The basis for Mrs. Hovde's contention is that she has been inconvenienced and penalized to the extent of losing her pension for a year due to the delay of a Government agency in certifying her claim on the retirement fund. Although Mrs. Hovde's position is quite understandable, there is for consideration that nonservice-connected pension is justified largely upon the ground that the payments are actually needed for current support of the recipient, and the purpose of providing annual income limitations is to restrict payment to those who have such actual need. Her income during the calendar year 1945 exceeded the $1,000 limitation, regardless of the reason why it was received that year, and to authorize payment of pension to her by special enactment under those circumstances would constitute preferential treatment and would be discriminatory as to other widows actually having occasional annual incomes in excess of $1,000 and whose pensions are disallowed or discontinued for the particular years that the income happens to exceed that amount.

The fact that the delay in paying to the claimant the amount to which she was entitled from the retirement fund resulted in her receiving that amount in a year when she was otherwise entitled to full pension benefits was largely fortuitous and coincidental and certainly was not a usual or anticipated consequence. The general law and regulations provide for no exceptions to the rule that the time of actual receipt rather than the due date of income shall govern in determining whether the income limitation has been exceeded. So long as this general principle prevails it is believed that it would be basically inconsistent therewith to recognize exceptions in cases of the kind under consideration. Private relief legislation in this instance, even though based upon strong circumstances, would doubtless be invoked as a precedent for many other cases involving delays by the Government which happened to occasion loss of pension rights that would not have resulted had payment been received at a slightly earlier time.

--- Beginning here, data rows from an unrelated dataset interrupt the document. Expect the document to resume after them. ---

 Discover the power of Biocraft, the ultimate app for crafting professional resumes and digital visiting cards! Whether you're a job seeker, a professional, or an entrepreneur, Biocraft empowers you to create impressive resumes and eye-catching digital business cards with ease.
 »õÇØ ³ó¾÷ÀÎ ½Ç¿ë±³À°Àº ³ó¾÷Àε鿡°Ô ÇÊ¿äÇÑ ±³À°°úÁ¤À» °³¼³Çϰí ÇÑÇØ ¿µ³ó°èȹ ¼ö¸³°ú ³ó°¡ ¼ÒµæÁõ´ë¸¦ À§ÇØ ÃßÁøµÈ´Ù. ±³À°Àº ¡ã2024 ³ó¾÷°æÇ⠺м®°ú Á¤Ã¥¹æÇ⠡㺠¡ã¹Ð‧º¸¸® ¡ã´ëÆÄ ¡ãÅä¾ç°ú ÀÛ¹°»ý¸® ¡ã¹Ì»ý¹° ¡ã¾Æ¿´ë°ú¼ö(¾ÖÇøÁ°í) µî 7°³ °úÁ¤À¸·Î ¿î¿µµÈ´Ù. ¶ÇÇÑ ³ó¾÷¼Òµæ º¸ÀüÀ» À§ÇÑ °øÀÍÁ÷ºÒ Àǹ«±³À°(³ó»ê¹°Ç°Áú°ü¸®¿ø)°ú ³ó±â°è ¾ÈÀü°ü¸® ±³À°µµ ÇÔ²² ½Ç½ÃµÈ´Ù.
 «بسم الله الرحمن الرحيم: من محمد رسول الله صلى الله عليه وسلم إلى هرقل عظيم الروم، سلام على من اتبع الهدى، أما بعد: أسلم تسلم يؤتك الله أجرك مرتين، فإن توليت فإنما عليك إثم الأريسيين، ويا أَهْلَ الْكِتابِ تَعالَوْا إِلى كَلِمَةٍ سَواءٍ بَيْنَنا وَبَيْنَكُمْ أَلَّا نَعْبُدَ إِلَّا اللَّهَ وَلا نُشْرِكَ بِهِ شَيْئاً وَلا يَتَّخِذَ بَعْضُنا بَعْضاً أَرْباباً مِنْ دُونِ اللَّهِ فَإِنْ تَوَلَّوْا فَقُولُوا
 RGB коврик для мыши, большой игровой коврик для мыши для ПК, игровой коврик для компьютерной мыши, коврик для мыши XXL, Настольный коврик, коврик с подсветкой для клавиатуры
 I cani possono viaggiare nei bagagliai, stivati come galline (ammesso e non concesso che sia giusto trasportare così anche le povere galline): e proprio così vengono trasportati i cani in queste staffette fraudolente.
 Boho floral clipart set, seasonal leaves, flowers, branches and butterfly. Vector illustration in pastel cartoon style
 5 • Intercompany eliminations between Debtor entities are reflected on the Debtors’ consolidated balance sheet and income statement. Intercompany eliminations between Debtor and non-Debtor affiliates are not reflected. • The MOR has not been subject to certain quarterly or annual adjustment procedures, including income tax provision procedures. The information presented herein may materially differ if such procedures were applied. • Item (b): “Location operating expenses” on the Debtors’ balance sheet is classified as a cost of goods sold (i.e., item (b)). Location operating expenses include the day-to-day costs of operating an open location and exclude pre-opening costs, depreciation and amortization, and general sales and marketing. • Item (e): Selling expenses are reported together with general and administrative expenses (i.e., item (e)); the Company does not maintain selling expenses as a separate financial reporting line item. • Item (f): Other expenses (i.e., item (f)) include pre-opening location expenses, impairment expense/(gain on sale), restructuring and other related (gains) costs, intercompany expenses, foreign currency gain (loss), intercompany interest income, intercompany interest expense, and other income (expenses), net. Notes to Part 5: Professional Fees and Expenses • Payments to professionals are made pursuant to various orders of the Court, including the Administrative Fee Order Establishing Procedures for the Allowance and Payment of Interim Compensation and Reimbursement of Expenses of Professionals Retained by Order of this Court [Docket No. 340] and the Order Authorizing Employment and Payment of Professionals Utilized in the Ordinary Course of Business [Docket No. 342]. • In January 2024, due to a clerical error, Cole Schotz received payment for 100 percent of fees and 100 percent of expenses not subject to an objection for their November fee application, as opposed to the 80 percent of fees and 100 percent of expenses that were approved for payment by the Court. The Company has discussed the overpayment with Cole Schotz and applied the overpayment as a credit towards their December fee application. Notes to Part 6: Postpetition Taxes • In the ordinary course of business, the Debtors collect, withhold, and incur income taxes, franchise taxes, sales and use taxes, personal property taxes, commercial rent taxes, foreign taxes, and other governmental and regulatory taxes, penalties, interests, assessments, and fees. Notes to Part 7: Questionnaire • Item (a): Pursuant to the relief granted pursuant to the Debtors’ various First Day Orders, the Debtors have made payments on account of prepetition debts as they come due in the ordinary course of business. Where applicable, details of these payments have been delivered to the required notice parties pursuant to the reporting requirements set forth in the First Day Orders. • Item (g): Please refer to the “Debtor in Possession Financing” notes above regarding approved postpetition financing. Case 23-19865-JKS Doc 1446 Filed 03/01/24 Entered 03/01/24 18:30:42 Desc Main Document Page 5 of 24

It should be noted that there have been a number of proposals in recent years to modify or eliminate the provisions of law relating to income limitations in connection with pensions for World War I widows. Four bills (H. R. 295, H. R. 460, H. R. 1352, and H. R. 2566) have been introduced in the Eightieth Congress proposing increases in the income limitations, and one (H. R. 1453) to eliminate altogether such limitations. In the Seventy-ninth Congress, H. R. 561, H. R. 4170, H. R. 1182, and H. R. 558 contained similar proposals to repeal the income limitations, and H. R. 4485, and H. R. 4378 proposed to modify the limitations. Two bills (H. R. 3564 and H. R. 1183) in the Seventy-ninth Congress contained proposals relative to exclusion of insurance and social-security payments in the computation of annual income. One bill (H. R. 1113) proposed to exclude all insurance payments.

In view of the foregoing, the Veterans' Administration is unable to recommend favorable consideration of H. R. 633.

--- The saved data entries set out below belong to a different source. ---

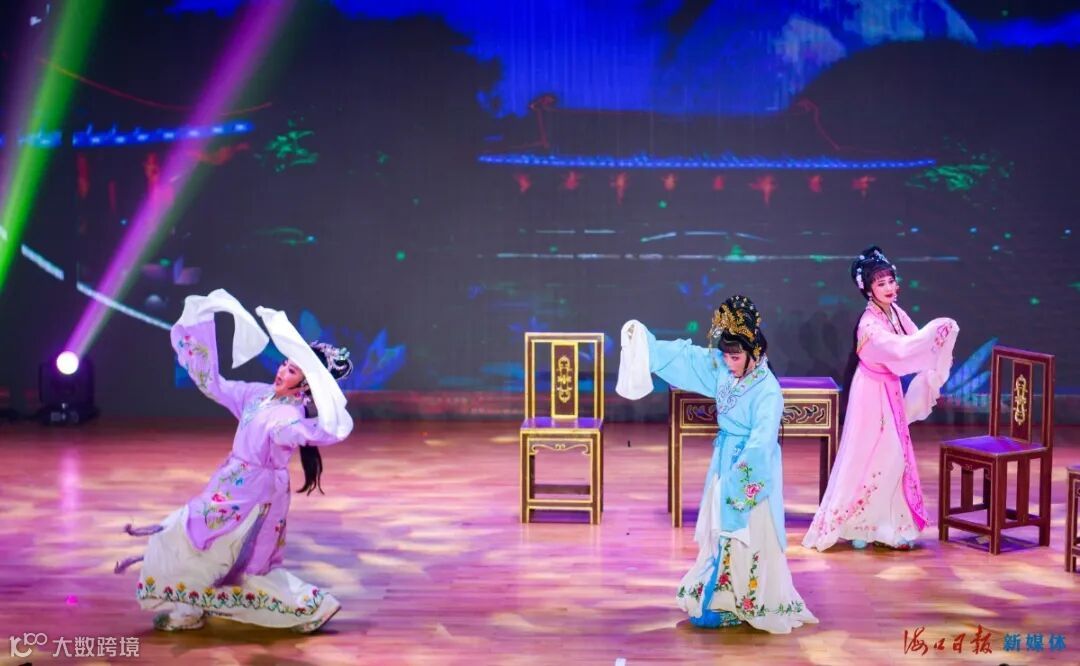 美兰区新时代文明实践中心举行的“魅力自贸港 琼韵醉海南”2020年第五届大致坡琼剧文化节开幕式上,琼剧演员在上演琼剧串烧。康登淋 摄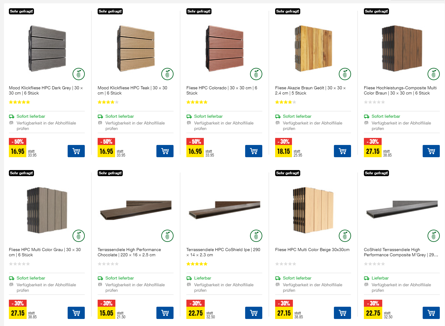 Bei Jumbo sind wieder einige Klickfliessen im Preis reduziert. So erhaltet ihr bis zu 50% Rabatt auf HPC Klickfliessen (z.B. Dark Grey, Teak und Colorado). Auch geölte Akazien Holzfliessen sind reduziert, dort gibt’s allerdings “nur” 30% Rabatt. Wenn ihr dem Deallink folgt, findet ihr alle Varianten. Bei Mömax findet ihr aktuell ebenfalls eine Aktion auf Fliesen, auf 6 Stück hochgerechnet zahlt ihr allerdings rund 7 Franken mehr.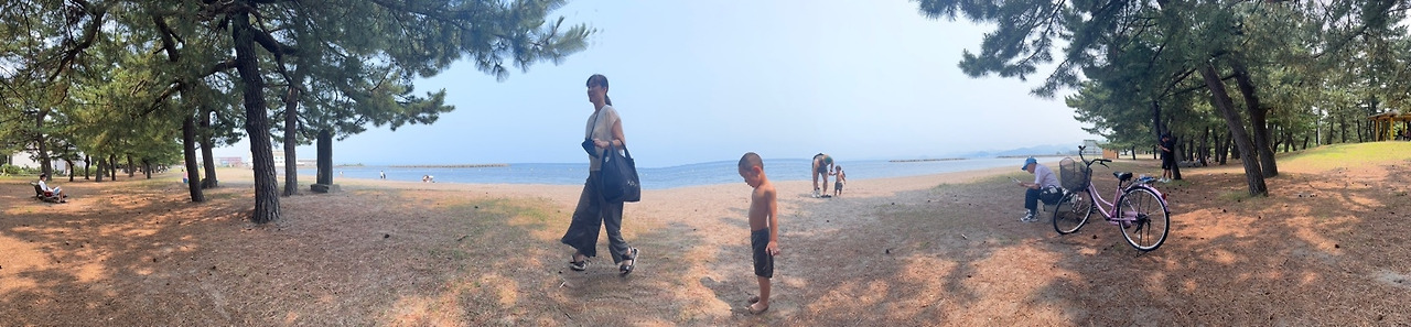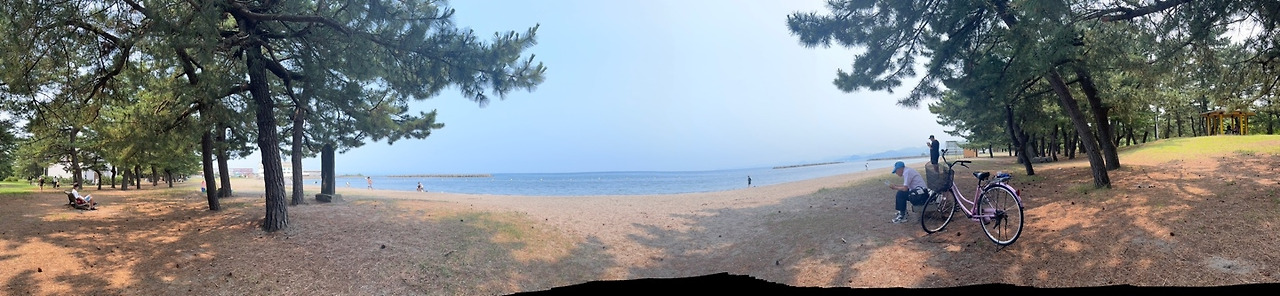 달리기는 보통 집 근처 2.5km를 빙글빙글 돈다. 오늘은 휴일이라 오랜만에 근처 바닷가 공원까지 달려보았다. 6km, 생각보다 짧았다. 7km는 될 줄 알았는데 6km만 달리니 바다가 훤히 보이는 공원. 오랜만에 와 보니 마치 관광지로 여행온 기분이었다. 바다, 모래사장, 소나무 숲, 부자, 모녀, 가족, 독서하는 할아버지...가 조용히 균형 있게 펼쳐져있다. 풍경을 사진에 담아보고 싶어 파노라마 모드를 가동했다. 찍기 시작하니 한 가족인 담긴다. 다시 경치만 담아보았다.

Advice has been received from the Bureau of the Budget that there would be no objection by that Office to the submission of this report to your committee. Sincerely yours,

OMAR N. BRADLEY, General, United States Army, Administrator.

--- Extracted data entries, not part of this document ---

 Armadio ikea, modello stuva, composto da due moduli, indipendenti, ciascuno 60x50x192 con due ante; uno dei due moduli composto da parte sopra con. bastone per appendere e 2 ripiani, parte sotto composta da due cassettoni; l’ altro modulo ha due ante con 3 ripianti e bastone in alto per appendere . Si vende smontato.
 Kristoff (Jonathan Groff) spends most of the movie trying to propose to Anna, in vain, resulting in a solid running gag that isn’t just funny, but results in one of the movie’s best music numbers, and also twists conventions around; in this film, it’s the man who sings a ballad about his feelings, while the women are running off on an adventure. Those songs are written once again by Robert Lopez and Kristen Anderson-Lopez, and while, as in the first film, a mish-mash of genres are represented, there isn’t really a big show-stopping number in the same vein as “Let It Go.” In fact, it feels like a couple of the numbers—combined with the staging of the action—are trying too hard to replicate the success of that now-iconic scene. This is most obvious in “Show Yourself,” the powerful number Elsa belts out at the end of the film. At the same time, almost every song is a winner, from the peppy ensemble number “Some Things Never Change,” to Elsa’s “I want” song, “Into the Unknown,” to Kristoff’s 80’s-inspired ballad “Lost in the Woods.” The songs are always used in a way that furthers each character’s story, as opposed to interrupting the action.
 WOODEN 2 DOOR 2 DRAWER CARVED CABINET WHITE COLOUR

WESTBY, WIS., August 7, 1946.

Congressman WILLIAM H. STEVENSON,

Washington, D. C.

DEAR SIR: I am sending this inquiry to you, to see if you know any way in which I can go about to collect my pension as a World War I widow for the year 1945. I have received my pension of $35 a month since January 1946.

The facts are these: My husband, Joseph Benjamin Hovde (file reference at Veterans' Administration-XC3306,651), was a veteran of World War I and a rural letter carrier, when he became ill in September 1943 and was hospitalized at Veterans' Administration Hospital, Wood, Wis., from then until July 3, 1944, when he died. Having to give up his work in September 1943, we, his family, had therefore no income from then through 1944.

I notified the Post Office Department at Washington of his death, and wrote immediately to Civil Service for his retirement fund. They should have been able to have paid this to me promptly. Instead I had to write them twice, and

finally received a promise that it should be in my hands by December 1944. But it did not arrive until January 15, 1945. And because I got it in 1945 the Veterans' Administration credited that as my income for 1945 and denied my pension for 1945. Had Civil Service sent it as promised, only 15 days earlier, the Veterans' Administration would have had no grounds to deny my pension for 1945, as then the amount would have been credited to me for the year 1944-which year I had nothing. I had so counted on it, to do needed repairs on my home and to help out on ever-mounting expenses. I sold my car then in November 1944 to tide me over.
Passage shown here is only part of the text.